Handling Late Arrival Facts

In this section I explain how to handle late arrival sales orders when populating the month_end_sales_order_fact table.

First of all, in order for you to know if a sales order is late, you need to load the entry date from the sales order source to the sales_order_fact table. Since you don’t have a column for the entry date, you need to add a new one to the fact table. Similar to adding the request delivery date in Chapter 13, “Dimension Role Playing,” you apply the dimension role playing technique to add the entry date. Therefore, add a date surrogate key column in the sales order fact table named entry_date_sk and create a database view from the date dimension table called entry_date_dim. The script in Listing 22.1 creates the entry_date_dim view and add the entry_date_sk surrogate key column in the sales_order_fact table.

Note

You might want to review the dimension role-playing technique in Chapter 13 to understand why you need to add the surrogate key column and create a database view.

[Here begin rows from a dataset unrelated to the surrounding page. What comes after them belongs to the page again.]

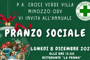 PRANZO SOCIALE CROCE VERDE VILLA-MINOZZO Domenica 8 Dicembre 2025!!! Il Pranzo Sociale Croce Verde è aperto ai Volontari del Soccorso, ai Soci, alle famiglie e alla comunità villaminozzese e a tutti i simpatizzanti della nostra amata Croce Verde Villa Minozzo. Un momento di condivisione dei valori del volontariato nello spirito del Natale. apri qui la locandina dell'evento Menù: Cappelletti in brodo Tortelli verdi Arrosti misti Patatine fritte Insalata Dolci della Casa Acqua, bibite, vino, caffè! Menù fisso al prezzo di € 30 Segnalate anticipatamente eventuali intolleranze alimentari. . Programma della giornata: ore 12.00 Ritrovo presso il Ristorante “La Penna”…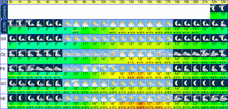 | Ura | 00h | 01h | 02h | 03h | 04h | 05h | 06h | 07h | 08h | 09h | 10h | 11h | 12h | 13h | 14h | 15h | 16h | 17h | 18h | 19h | 20h | 21h | 22h | 23h | |  |  |  |  |  |  |  |  |  |  |  |  |  |  |  |  |  |  |  |  |  |  |  |  | | Temperatura [C°] | 10°C | 9°C | 8°C | 8°C | 8°C | 8°C | 9°C | 10°C | 12°C | 14°C | 15°C | 16°C | 17°C | 17°C | 17°C | 17°C | 17°C | 16°C | 14°C | 13°C | 12°C | 11°C | 11°C | 10°C | | Občutek [C°] | 6°C | 6°C | 5°C | 5°C | 5°C | 5°C | 5°C | 6°C | 8°C | 11°C | 12°C | 13°C | 14°C | 14°C | 14°C | 14°C | 13°C | 13°C | 12°C | 10°C | 9°C | 9°C | 8°C | 7°C | | Možnost padavin | 24 % | 25 % | 19 % | 19 % | 19 % | 18 % | 18 % | 18 % | 17 % | 16 % | 15 % | 14 % | 14 % | 14 % | 24 % | 14 % | 23 % | 13 % | 12 % | 11 % | 10 % | 19 % | 19 % | 19 % | | Količina padavin [mm] | | | | | | | | | | | | | | | | | | | | | | | | | Sneg [cm] | | | | | | | | | | | | | | | | | | | | | | | | | | UV index | | | | | | | | | | | UV 1 | UV 2 | UV 3 | UV 3 | UV 3 | UV 2 | UV 1 | | | | | | | | | Hitrost vetra | 12 km/h | 12 km/h | 11 km/h | 11 km/h | 11 km/h | 12 km/h | 12 km/h | 12 km/h | 10 km/h | 9 km/h | 9 km/h | 10 km/h | 11 km/h | 11 km/h | 11 km/h | 11 km/h | 11 km/h | 10 km/h | 9 km/h | 8 km/h | 8 km/h | 8 km/h | 8 km/h | 8 km/h | Smer vetra | V | S | S | S | S | S | S | S | S | S | V | Z | Z | Z | Z | Z | Z | Z | Z | S | S | S | S | S | | Zračni tlak | 1012 | 1012 | 1012 | 1012 | 1012 | 1012 | 1012 | 1013 | 1013 | 1013 | 1013 | 1013 | 1013 | 1013 | 1013 | 1013 | 1013 | 1013 | 1013 | 1014 | 1014 | 1014 | 1014 | 1014 | | Vlaga | 81 % | 82 % | 77 % | 77 % | 75 % | 74 % | 71 % | 67 % | 62 % | 56 % | 51 % | 48 % | 45 % | 44 % | 44 % | 46 % | 48 % | 52 % | 57 % | 62 % | 65 % | 69 % | 70 % | 71 % |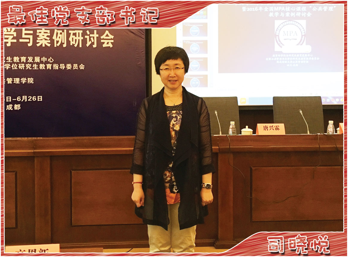 2016年,作为全院最大系所的支部书记,她虚心学习、刻苦专研、认真负责,在支部内认真开展“两学一做”学习教育,超额完成上级党组织的各项工作任务,在系内做了党课教育,并组织系内教师前往大庆,学习大庆精神。她讲求方法,团结非党教师,带领全系老师在教学、学生培养、科研以及社会服务等方面取得了丰硕成果,受到全院师生的好评。作为支部书记,她率先垂范,成绩突出:2016年承担国家社科基金一般项目、沈阳市统计局项目各1项,年度科研进款23.5万元,在科研丰收的同时,她还承担了本科生、研究生共计6门课程,指导硕士研究生31人。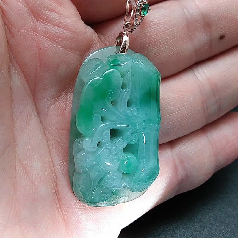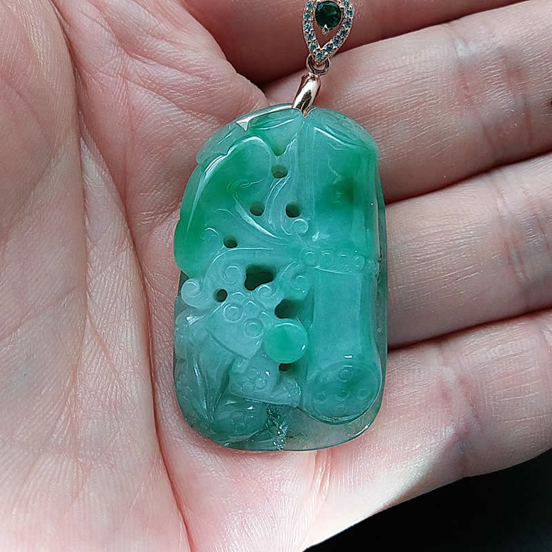 • 極品冰種油青帶陽綠如意富竹吊墜, 天然翡翠A玉, 緬甸玉, Jade, Jadeite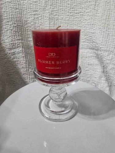 Glass Candle Holder w/Red Candle

Listing 22.1. Adding the entry_date column
/******************************************************************/
/*                                                                */
/* entry_date.sql                                                 */
/*                                                                */
/******************************************************************/

USE dw;

CREATE VIEW entry_date_dim (
  entry_date_sk
, entry_date
, month_name
, month
, quarter
, year
, promo_ind
, effective_date
, expiry_date
)
AS SELECT
  date_sk
, date
, month_name
, month
, quarter
, year
, promo_ind
, effective_date
, expiry_date
FROM date_dim
;

ALTER TABLE sales_order_fact
ADD entry_date_sk INT AFTER receive_date_sk
;

/* end of script                                                  */

To run the script in Listing 22.1, type in the following command into the MySQL console.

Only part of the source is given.